December 27, 2007 | Unregistered CommenterRon Shevlin

Thanks for your comment Ron.

I agree that the problem with primary research is that it reflects what people say rather than what they do. As direct marketers, our tests show behavior often contradicts what people say they would do in a given scenario.

As for the bank example, I think that the category is fraught with buyer confusion and evaluation fatigue. And the price differences are either too small to concern many customers or too confusing to figure out. The same could be said of utility (in certain states like TX) and cell phone offers. These industries have evolved into pure commodities where the price differentiation has sunk into product parity. That said, I concede to your expertise in the banking industry.

I do see your point that people make emotional and impulsive decisions on many purchases. But I also think people make rational decisions for repeat purchase decisions. The Walmart success story demonstrates what happens when you offer both branded products plus lowest prices.

As you suggest though, I fear that most loyalty programs by design promote economic loyalty rather than true loyalty based on emotional commitment. The reason --- emotions are fluid and complex by nature. And promoting emotional commitment requires much greater skill to create than economic loyalty.


December 27, 2007 | Unregistered CommenterTed Grigg

Ted, you pose a great question--how do we achieve customer loyalty in the face of increasingly aware consumers who are looking for the best deal. Here's one way--make your product/service so darned unique that the customer absolutely can't live without it (think i-Phone). Or, create a buzz around your product--this works especially well with kids and teens. Another idea: create some sort of stickiness (like the wireless providers used to have before you could take your cell phone number to a competitor). In financial services, try to get as many relationships as possible, and incent the customer to maintain those multiple relationships. Trust me, it's hard to leave a bank when they manage most of your financial life (from checking, to credit cards, to mortgage, to investments--you get the picture).

In the end, you're absolutely right--price will always be an issue and we need to realize it, but always strive to be creative and hope to make is a lesser issue.
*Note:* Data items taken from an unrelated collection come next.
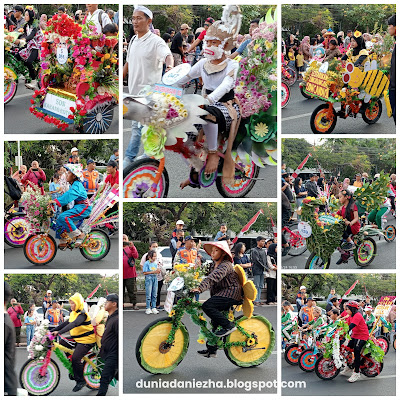 Tahun ini saya menyempatkan diri dan anak-anak melihat Semarang Merdeka Festival Flower 2024. Acara dimulai dari Balaikota menuju lapangan Pancasila Simpang Lima. Barisan pertama adalah drumband dari Akademi Kepolisian. Dilanjutkan oleh rombongan sepeda hias anak-anak dipimpin oleh sepeda mba Ita, walikota Semarang. Selanjutnya kendaraan roda 3 yang dihias bunga dan dedaunan. Tapi bukan Indonesia kalau tangannya bisa dikondisikan. Mendekati lampangan Pancasila, beberapa tangan menarik bunga dari kendaraan hias yang lewat. Duh, buk buk. Meh nggo opo jal kembange? Lagian beberapa bunga juga sudah layu. Semarang menyala. Sampai sore saja masih panas banget. Ada wortel dan kacang panjang yang juga sudah keriput.
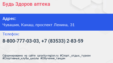 Будь Здоров!, аптека по адресу Чувашия, Канаш, проспект Ленина, 31 в дальнейшем Организация, размещена в следующих категориях:
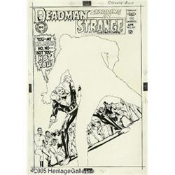 <B>Neal Adams - Strange Adventures #211 Cover Original Art (DC, 1968).</B></I> This tense confrontation scene comes from the very heart of the original Deadman run in <B>Strange Adventures</B></I>. The art paper measures 16.5" x 11.5", with an image area of 10" x 15". The condition of the art is Excellent. The title logo and other type elements are replacements and have been carefully color-matched to the art paper, adding to the eye-appeal of the cover. The cover has a paste-on art correction that was done by Neal Adams to eliminate a foreground figure's hand that was originally drawn along the left border's edge. This correction area is original art, not a stat. It is applied with such craftsmanship that a very close inspection is needed to even detect it. A rogues' gallery of Deadman's nefarious circus peers is portrayed crouching behind him. While these figures were obscured by the coloring scheme used in the printed comic book cover, here they are seen in vivid detail. Neal Adams' fine-lined inking style was at its most masterful throughout this era.

December 28, 2007 | Unregistered CommenterSuzanne Obermire

Good points Suzanne!

But this type of marketing defines CRM and is something many companies do not typically do well.

Why?

One reason is that larger companies in particular are organized by product line with accountabilities related not to customer engagement, but product purchase. So coordinating cross-selling opportunities remains elusive.

Companies need to reorganize their infrastructures to enable customer maximization.

In other words, the entire organization must begin to think about becoming customer-centric first before attempting the CRM strategy. CRM is not a marketing strategy, it is a business strategy that starts at the highest level in the company. In fact, for many, it means a dramatic culture change.